Внезапно его злость и решимость испарились. Теперь перед Виктором сидел раздавленный, страдающий человек, лишившийся всех своих сил.
— Это был… сын моего лучшего друга, — после паузы сказал Говард. — Сын моего единственного друга. Но было еще кое-что.
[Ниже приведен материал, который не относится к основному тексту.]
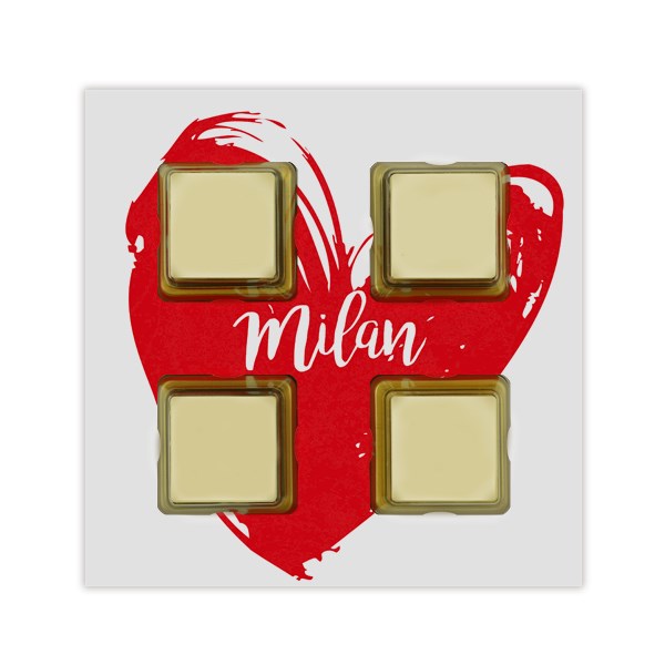 Entwerfen Sie Ihre eigene Einladung, Gruß- oder Glückwunschkarte mit vier Stück Schokolade mit eigenem Logo | Die Schokolade wird aus feinster Cocoa Horizons-zertifizierter Vollmilchschokolade mit einer Oberschicht aus weißer Schokolade der belgischen Qualitätsmarke Barry Callebaut hergestellt | In Full Color kann jedes gewünschte Firmenlogo, Design oder Foto gedruckt werden| Beidseitiges Bedrucken der Grußkarte möglich: + 10% Mehrkosten |Ab einer Menge von > 9.600 Stück, Preis auf Anfrage | Bestellbar ab 60 Stück | Schnelle Lieferung | Keine Einstellkosten!

Я не могу этого объяснить, Виктор, но он… Видите ли, когда умер его отец, мне показалось, что какая-то часть меня тоже погибла. После того как Роберт сообщил мне о смерти Андары, я был в отчаянии, и мне кажется, что я не сумел бы справиться с этой болью, если бы Роберта не было рядом. Но если теперь еще и он погибнет… — Покачав головой, Говард сжал кулаки, его невидящий взгляд устремился куда-то мимо Виктора. — Я этого не вынесу. Он не должен умереть.
— Но он уже мертв, Говард, — прошептал Виктор. — Поймите же. Он умер более двенадцати часов назад. Ничто в мире не сможет воскресить его.
— Вы сможете!
— Не смогу, — спокойно ответил Виктор. — Когда-то я пытался создать жизнь, но из-за этого погибло много людей. Но даже если бы это было в моей власти, я вряд ли имею право… — Нагнувшись вперед, он опустил ладони на стол и решительно посмотрел на Говарда. В его взгляде светилась боль. — Что же мне делать, если завтра ко мне придет мать с телом своего ребенка? Мне что, отослать ее прочь? Или я должен выбирать, кому жить, а кому нет? Вы понимаете, чего от меня требуете, Говард?
— Я требую, чтобы вы вернули мне долг, Виктор, — настаивал Говард. — Я спас вам жизнь! Без меня толпа линчевала бы вас. Неужели я должен напоминать вам об этом?
— Нет, черт побери, не должны! — рявкнул Виктор, чуть не вскочив со стула. Было видно, что он едва сдерживает себя. — Вы требуете, чтобы я изображал из себя Бога, Говард. — Теперь в его голосе звучала скорее мольба, чем гнев.
— Это вы так считаете, — холодно возразил Говард. — А я с вами не согласен. Роберта убили. И те, кто несет за это ответственность, могут убить и других людей, в том числе и меня. Но это не имеет значения. Роберт должен жить по причинам, которые я не могу вам назвать. И вы это сделаете.
— Нет.
— Тогда вы вынуждаете меня пойти на шаг, которого я хотел избежать, — ледяным тоном произнес Говард. — Если вы откажетесь выполнить мою просьбу, доктор, я сегодня же выдам вас властям. Более того…
— Вы не сможете запугать меня, — улыбнувшись, сказал Виктор. — Не этим. Неужто вы думаете, что я позволю себя шантажировать?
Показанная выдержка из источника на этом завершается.